Summary
Finaly tries to delay the inevitable if it can get certain suppliers to reschedule payments for last years merchandise. Here's the deal as reported and what it means to the industry.
Analysis
According to unconfirmed reports, Finlay Enterprises has negotiated temporary financing with its two largest creditors to prevent its immediate bankruptcy, provided the company receives about $25 million in concessions from vendors. The concessions are in the form of delayed payments to vendors. Finlay’s has provided a provisional payment schedule whereby participating vendors would stand 3rd in line behind the banks and secured debt holders. According to reports from the JCK, vendors that agree would receive 20% of their receivables in 5 days, 10% in 90 days, 10% in 150 days, and the remaining 50% in 180 days. The offer is what bankers frequently call a hammer.
What does this mean to non participating suppliers isn’t clear from the report. According to last year’s balance sheet, Finlay had $110 million in accounts payables as of February 2, 2008. What their current account payables are is uncertain, but it’s likely to be about 75% of Finlay’s last years payables. Excluding the $25 million, upwards of $50 million could be in default as unsecured debt.

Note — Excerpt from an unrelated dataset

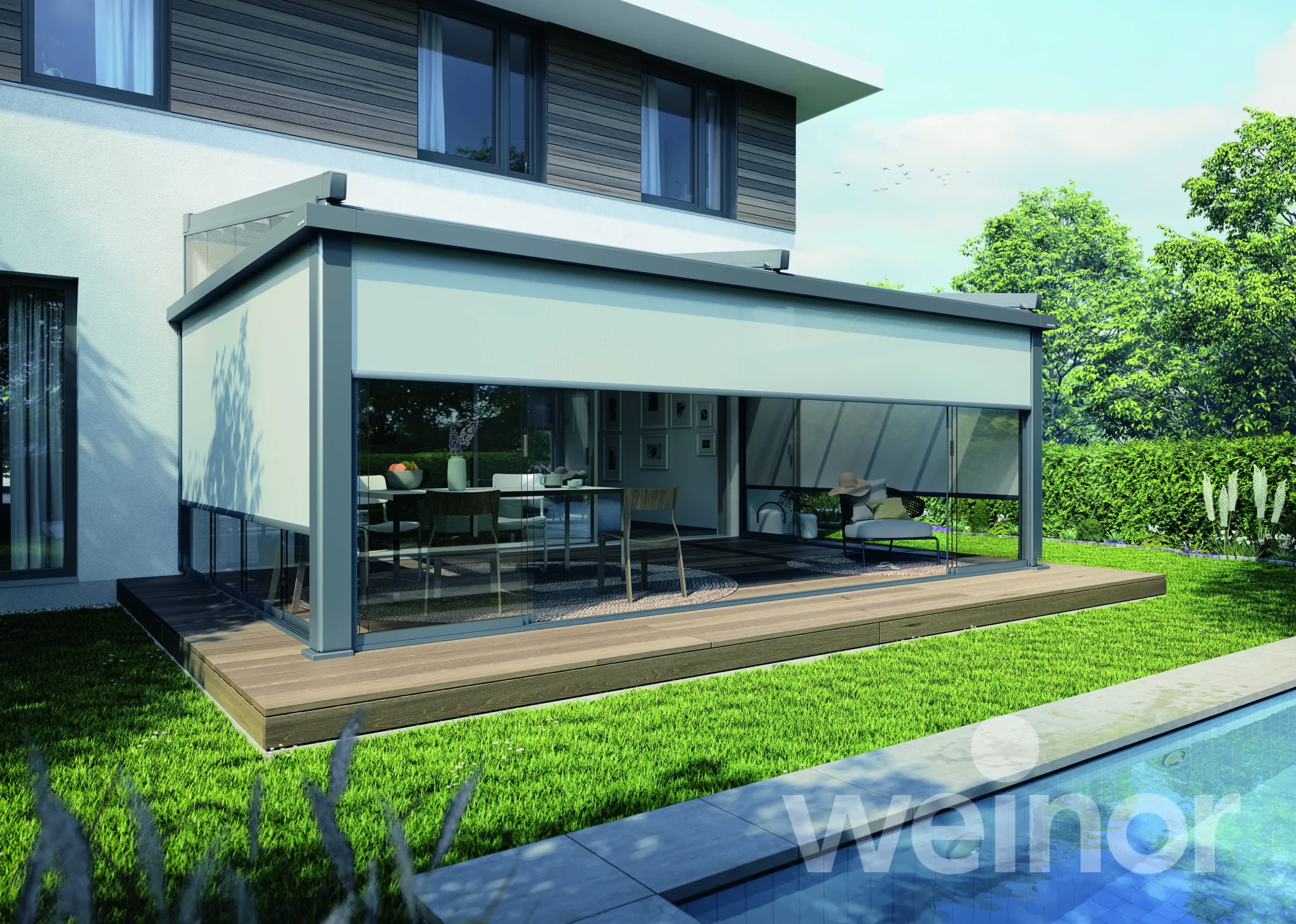 De screens sluiten de ruimte af wanneer dat nodig is en zorgen voor een aangenaam klimaat. Zon, wind en inkijk worden verminderd, terwijl het contact met buiten behouden blijft. Dankzij de kwaliteit van Weinor ontstaat een duurzame oplossing die perfect aansluit op de woning.
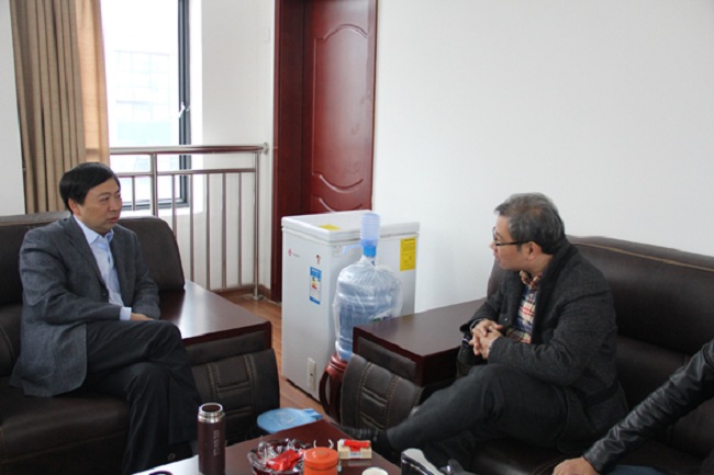 片仔癀化妆品公司副董事长兼总经理陈杰华先生向陈总编一行介绍公司情况

Finally, what Finlay expects from suppliers going forward is also uncertain. Even if the company offered 3rd in line security to suppliers that continue to ship merchandise between now and August, there is no assurance that participating suppliers would recover much more than unsecured creditors. That’s because liquidation values have declined and will continue decline as more surplus goods comes to market.
What the industry should do is unclear. But there doesn’t seem to be any significance to the August 2009 target date. Clearly, no one expects the economy will turn around in the next six months. On the other hand, the ploy does buy time for Finlay’s creditors to find a buyer for the company or work out a deal with key department stores like Macys and Dillard to buy inventory and operate the jewelry operations in house. Such a deal would increase banks and debt holder’s recovery as well as pay suppliers for merchandise sold to department stores. But it doesn’t address suppliers that sold Finlay product for Bailey Banks and Biddle, Carlyle, or Congress jewelers.
In any event, nothing precludes Finlay from filing bankruptcy in 179 days and defaulting on all its secured and unsecured debt, including the 50% portion remaining to be paid to participating suppliers. The real question isn’t can Finlay survive, but whether a dollar liquidated now is worth more today than a dollar liquidated in six months.